> **EXERCISE OBJECTIVE**:
Both the line below containing "Peněženka z broušené" and the line containing "优秀团员代表王婷与历史地理学院青马班学员代表陈晓晔相继发言。", along with every line between them, should be repeated exactly; no other line belongs in the answer.

> **DATASET**:
★ ★ ★ ★ ★
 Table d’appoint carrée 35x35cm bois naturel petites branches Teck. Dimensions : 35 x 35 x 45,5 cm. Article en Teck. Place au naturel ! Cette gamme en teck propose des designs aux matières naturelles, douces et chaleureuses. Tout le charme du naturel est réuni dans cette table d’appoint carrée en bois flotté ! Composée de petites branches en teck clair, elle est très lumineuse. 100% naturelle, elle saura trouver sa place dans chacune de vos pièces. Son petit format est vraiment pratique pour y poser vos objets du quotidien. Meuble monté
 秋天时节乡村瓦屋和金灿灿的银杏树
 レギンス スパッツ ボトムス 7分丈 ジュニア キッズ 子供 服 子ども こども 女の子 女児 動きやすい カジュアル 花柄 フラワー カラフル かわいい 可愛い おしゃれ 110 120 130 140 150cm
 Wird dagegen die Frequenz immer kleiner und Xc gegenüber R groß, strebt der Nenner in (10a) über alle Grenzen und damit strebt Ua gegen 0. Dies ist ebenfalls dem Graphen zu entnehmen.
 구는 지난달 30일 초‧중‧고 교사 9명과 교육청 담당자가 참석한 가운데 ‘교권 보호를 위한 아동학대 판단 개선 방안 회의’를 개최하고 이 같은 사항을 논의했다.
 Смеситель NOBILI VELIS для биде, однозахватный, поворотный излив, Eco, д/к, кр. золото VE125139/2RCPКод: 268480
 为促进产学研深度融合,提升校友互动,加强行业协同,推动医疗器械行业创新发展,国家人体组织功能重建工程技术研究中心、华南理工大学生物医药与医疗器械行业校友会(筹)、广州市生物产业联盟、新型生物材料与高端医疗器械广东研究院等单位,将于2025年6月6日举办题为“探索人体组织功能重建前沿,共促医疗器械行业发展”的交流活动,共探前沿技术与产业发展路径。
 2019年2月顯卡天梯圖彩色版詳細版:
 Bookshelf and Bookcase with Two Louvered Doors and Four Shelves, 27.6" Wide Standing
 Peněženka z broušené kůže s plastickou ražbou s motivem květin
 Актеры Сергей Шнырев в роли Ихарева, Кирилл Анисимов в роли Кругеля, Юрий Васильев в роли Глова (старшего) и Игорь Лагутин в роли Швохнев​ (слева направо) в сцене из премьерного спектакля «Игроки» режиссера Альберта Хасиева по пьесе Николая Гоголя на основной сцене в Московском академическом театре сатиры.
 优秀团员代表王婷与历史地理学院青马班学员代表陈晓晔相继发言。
★ ★ ★ ★ ★
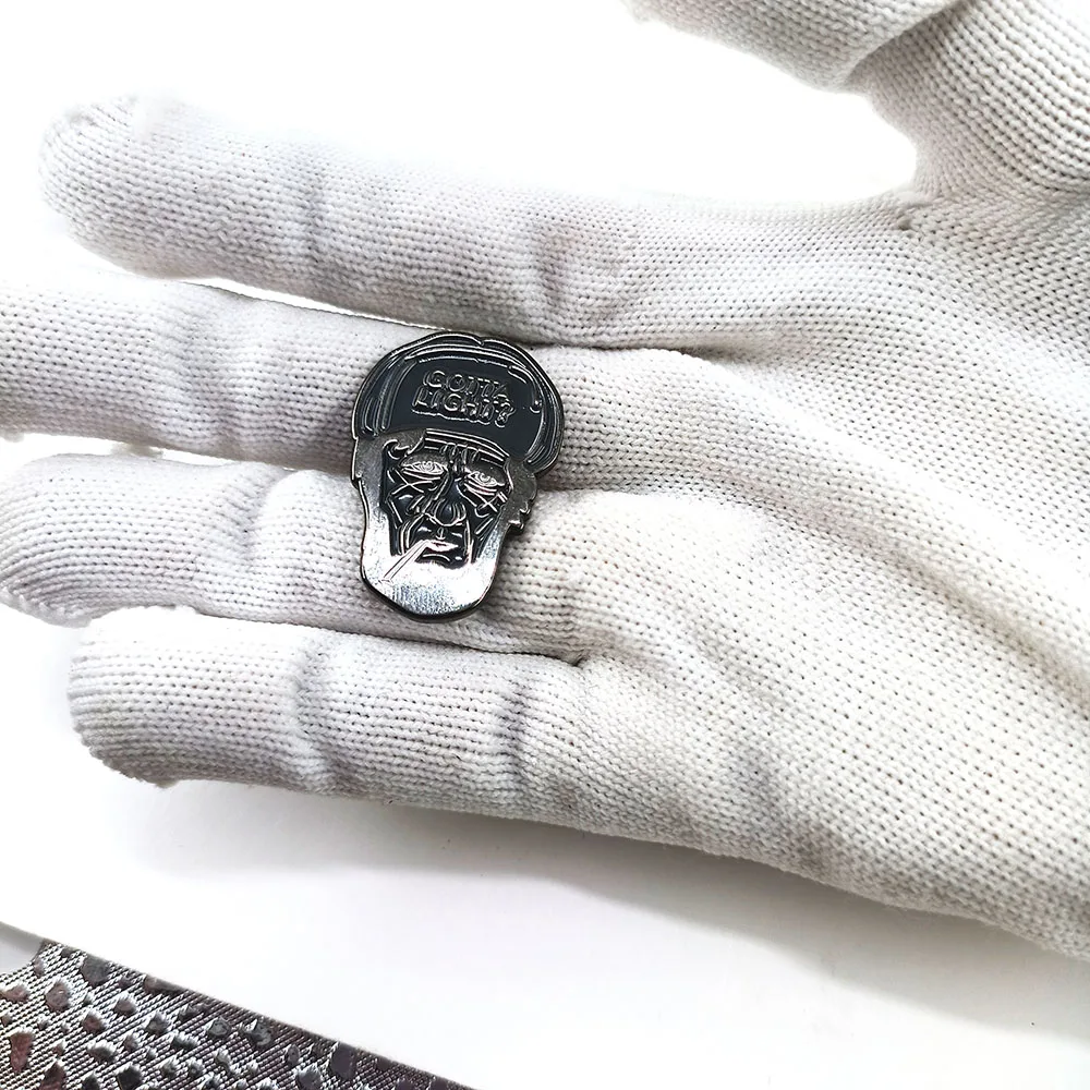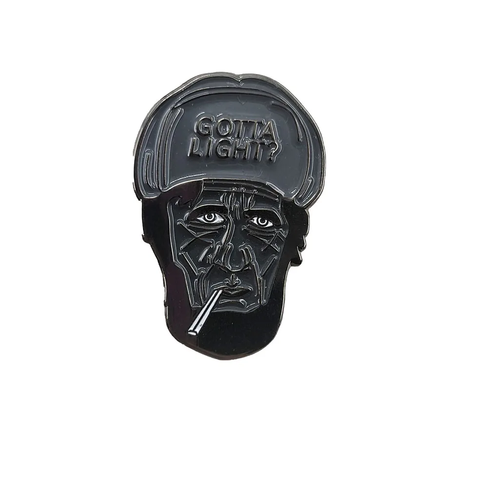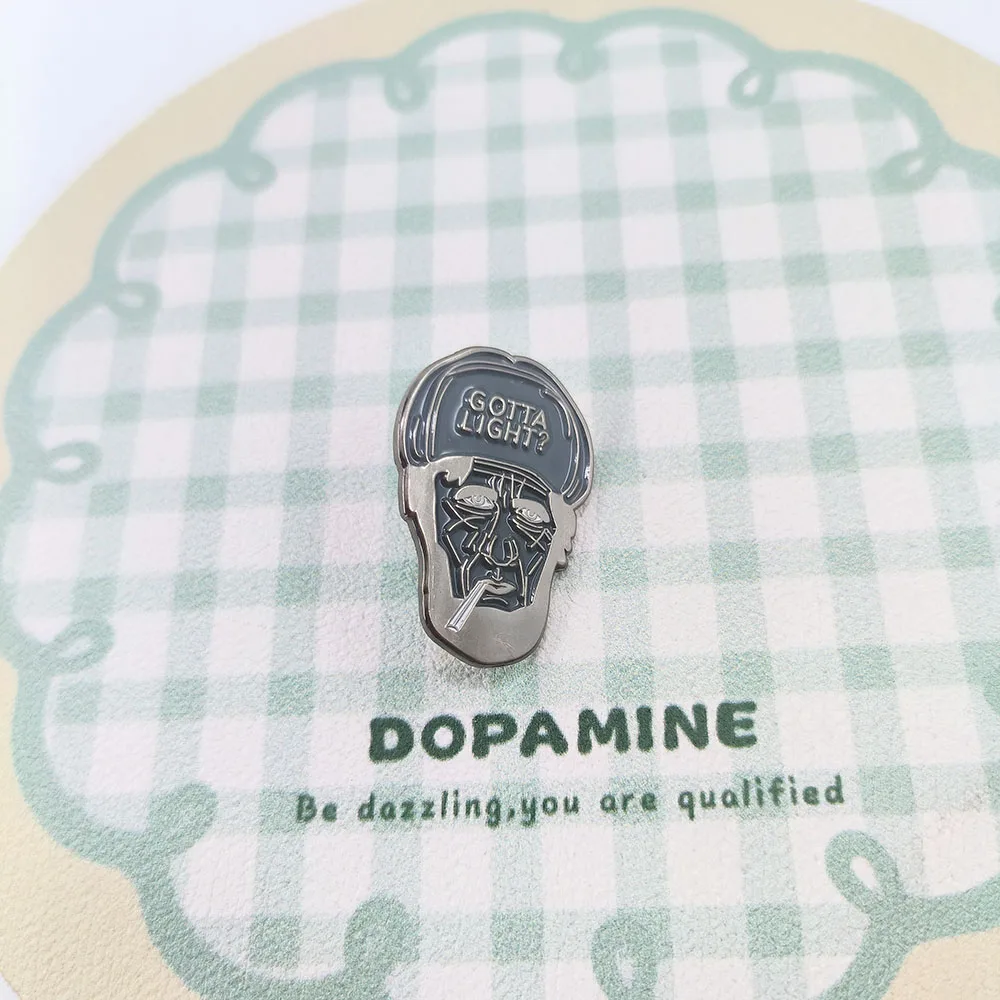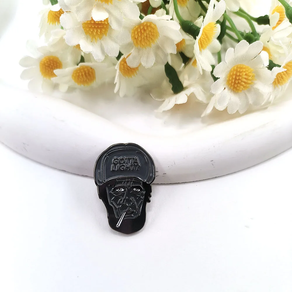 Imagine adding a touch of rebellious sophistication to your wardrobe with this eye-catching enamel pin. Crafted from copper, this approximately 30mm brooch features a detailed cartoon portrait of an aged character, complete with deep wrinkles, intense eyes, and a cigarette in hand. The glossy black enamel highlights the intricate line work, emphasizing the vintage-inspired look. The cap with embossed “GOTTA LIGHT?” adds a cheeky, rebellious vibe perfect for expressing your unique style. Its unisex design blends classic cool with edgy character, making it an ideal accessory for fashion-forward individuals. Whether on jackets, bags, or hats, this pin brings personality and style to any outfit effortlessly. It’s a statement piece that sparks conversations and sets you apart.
★ ★ ★ ★ ★
> **ANSWER TO THE EXERCISE**:
 Peněženka z broušené kůže s plastickou ražbou s motivem květin
 Актеры Сергей Шнырев в роли Ихарева, Кирилл Анисимов в роли Кругеля, Юрий Васильев в роли Глова (старшего) и Игорь Лагутин в роли Швохнев​ (слева направо) в сцене из премьерного спектакля «Игроки» режиссера Альберта Хасиева по пьесе Николая Гоголя на основной сцене в Московском академическом театре сатиры.
 优秀团员代表王婷与历史地理学院青马班学员代表陈晓晔相继发言。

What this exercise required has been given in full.